The choice of 100 as a base for internal arithmetic
seemingly has no compelling advantage. Yet the base cannot
exceed 127 because of hardware limitations and at the cost
of 5% in space, debugging was made a great deal easier and
decimal output was made much faster.

The reason for a stack-type arithmetic design was
to permit all DC commands from addition to subroutine execution
to be implemented in essentially the same way. The result
was a considerable degree of logical separation of the final
program into modules with very little communication between
modules.

The rationale for the lack of interaction between the scale and the bases
was to provide an understandable means of proceeding after
a change of base or scale when numbers had already been entered.
An earlier implementation which had global notions of
scale and base did not work out well.
If the value of
scale
were to be interpreted in the current
input or output base,
then a change of base or scale in the midst of a
computation would cause great confusion in the interpretation
of the results.
The current scheme has the advantage that the value of
the input and output bases
are only used for input and output, respectively, and they
are ignored in all other operations.
The value of
scale
is not used for any essential purpose by any part of the program
and it is used only to prevent the number of
decimal places resulting from the arithmetic operations from
growing beyond all bounds.

The design rationale for the choices for the scales of
the results of arithmetic were that in no case should
any significant digits be thrown away if, on appearances, the
user actually wanted them.

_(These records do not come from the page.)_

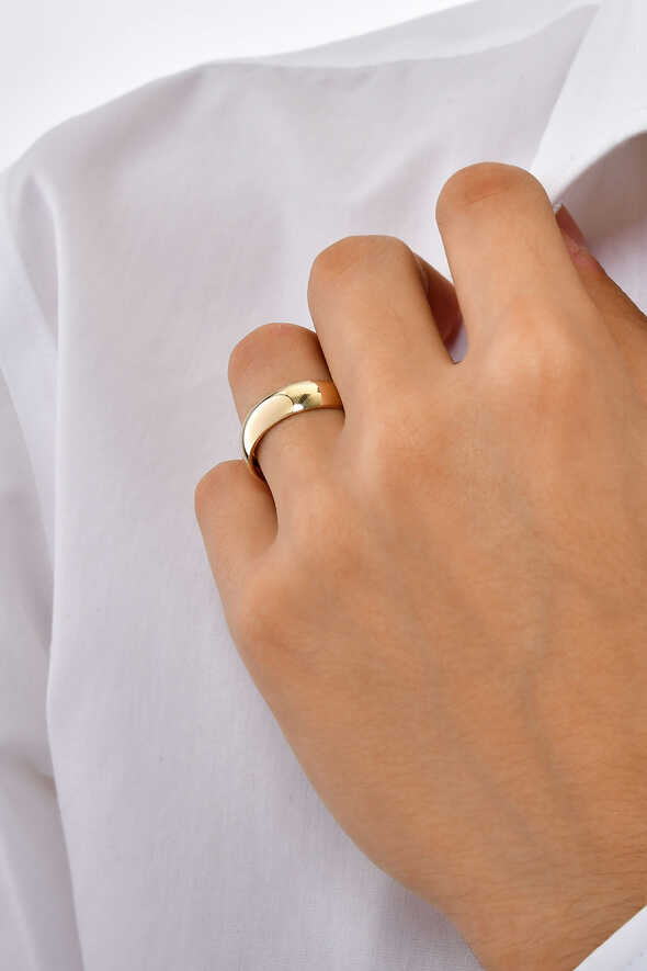 Geniş yüzeyiyle güçlü bir duruş sergileyen bu 14 ayar altın bombeli alyansı şimdi sipariş edin; sevginizi zarif bir detayla ölümsüzleştirin.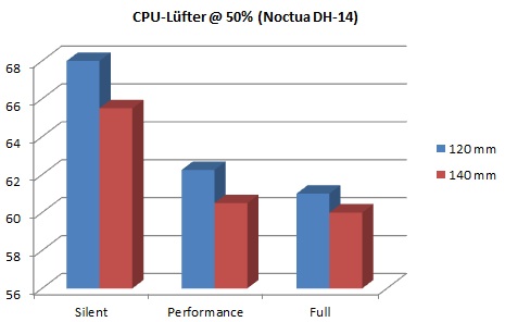 Silent (750RPM): 68 °C (10 Min: 62,75°C, 20 Min: 67,5°C)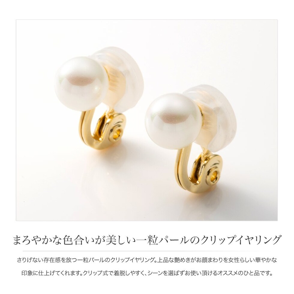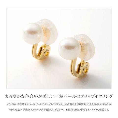 さりげない存在感を放つ一粒パールのクリップイヤリング。上品な艶めきがお顔まわりを女性らしい華やかな印象に仕上げてくれます。クリップ式で着脱しやすく、シーンを選ばずお使い頂けるオススメのひと品です。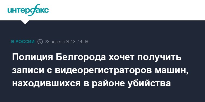 Москва. 23 апреля. INTERFAX.RU - Полиция обращается к белгородским водителям, имеющим видеорегистраторы и находившимся в понедельник в районе совершения массового убийства, предоставить следствию записи, сообщили "Интерфаксу" в пресс-службе управления МВД по Белогородской области.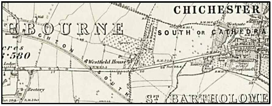 The first proper survey map (by George Loader 1813) shows the house clearly. There are also other points here we can recognise today – the squiggly line to the north of Westfield House is Hook Dyke (now partly in Neville Road), Apuldram Lane and Clay Lane are pretty much the same shape (and in “Fishbourn”) although the railway hasn’t yet been built.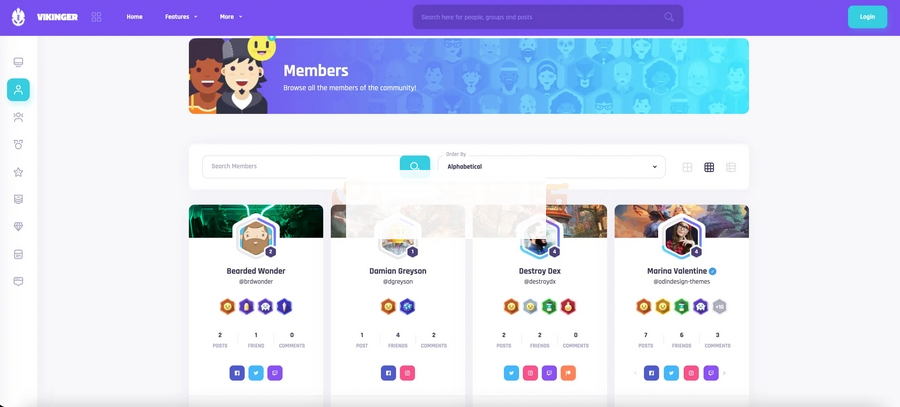 Vikinger是国外非常流行的一个WordPress + Buddypress社交社区!颜值在线,通过完整的个人资料、动态、小组、徽章、任务、等级、积分、论坛等完善的功能,它既可以作为个人博客亦可以作为交流社区论坛,可以让你很方便的建立一个社交论坛型网站!
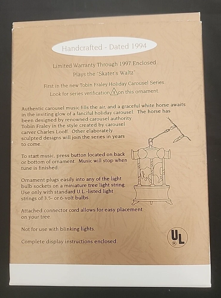 Set Includes: Ornament Year Manufactured: 1994 Occasion: Christmas Theme: Christmas Collection: Ornaments Subject: carousel MPN: QLX7496 Brand: Hallmark Features: Light Up, Musical Type: Ornament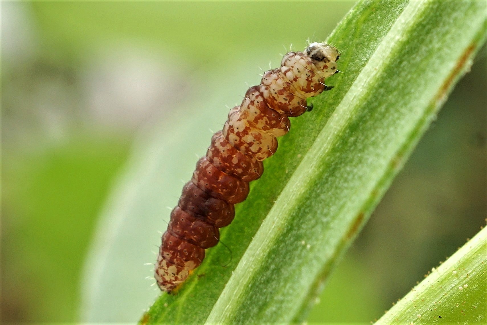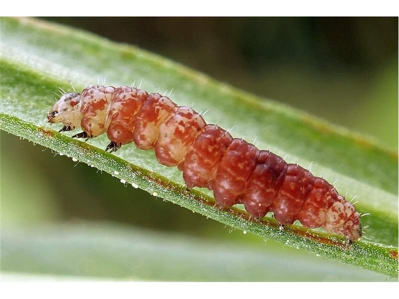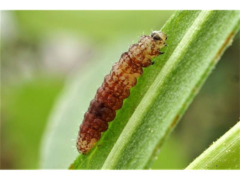 Raupe lebt im Frühjahr in den Herztrieben und später im Stengel von Lysimachia, zum fotografieren heraus geholt.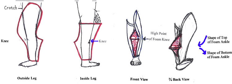 Essentially, the foamed leg pieces were used as the pattern for the shape of the muslin (& the actual fur), only, I added an extra 2" to allow for seam allowance and movement.
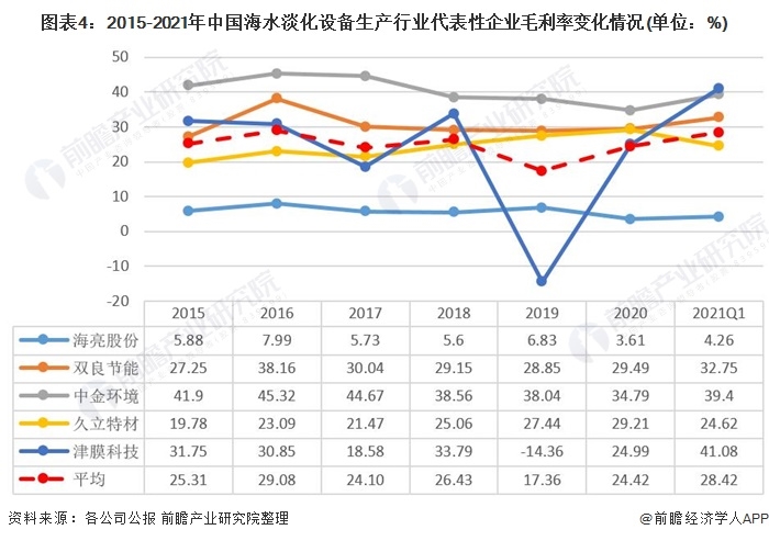 本文核心數(shù)據(jù):反滲透膜市場份額、海水淡化設(shè)生產(chǎn)行業(yè)代表性企業(yè)毛利率變化
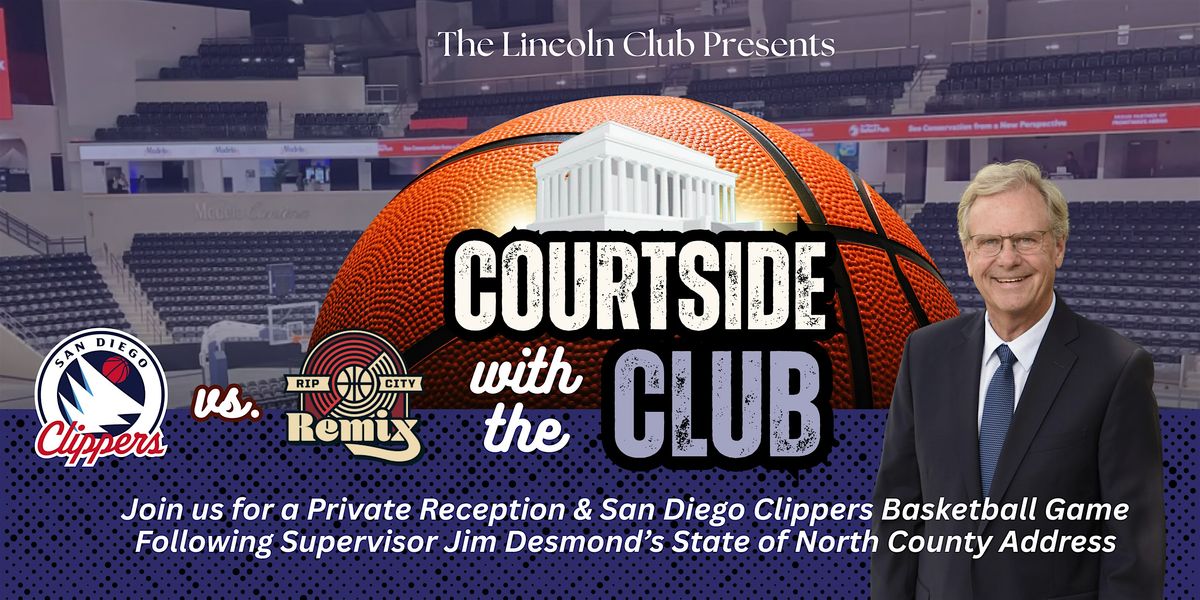 Join fellow Lincoln Club members for an exclusive private reception on the deck at Frontwave Arena to watch the San Diego Clippers take on the Rip City Remix. This members-only evening includes refreshments, admission to the basketball game, and entry to Supervisor Jim Desmond’s State of North County Address.

Thus, if the user wants
to add the numbers 1.5 and 3.517, it seemed reasonable to give
him the result 5.017 without requiring him to unnecessarily
specify his rather obvious requirements for precision.

On the other hand, multiplication and exponentiation produce
results with many more digits than their operands and it
seemed reasonable to give as a minimum the number of decimal
places in the operands but not to give more than that
number of digits
unless the user asked for them by specifying a value for scale.
Square root can be handled in just the same way as multiplication.
The operation of division gives arbitrarily many decimal places
and there is simply no way to guess how many places the user
wants.
In this case only, the user must
specify a scale to get any decimal places at all.

The scale of remainder was chosen to make it possible
to recreate the dividend from the quotient and remainder.
This is easy to implement; no digits are thrown away.
References
 [1]
L. L. Cherry, R. Morris,
BC - An Arbitrary Precision Desk-Calculator Language.
 [2]
K. C. Knowlton,
A Fast Storage Allocator,
Comm. ACM 8, pp. 623-625 (Oct. 1965).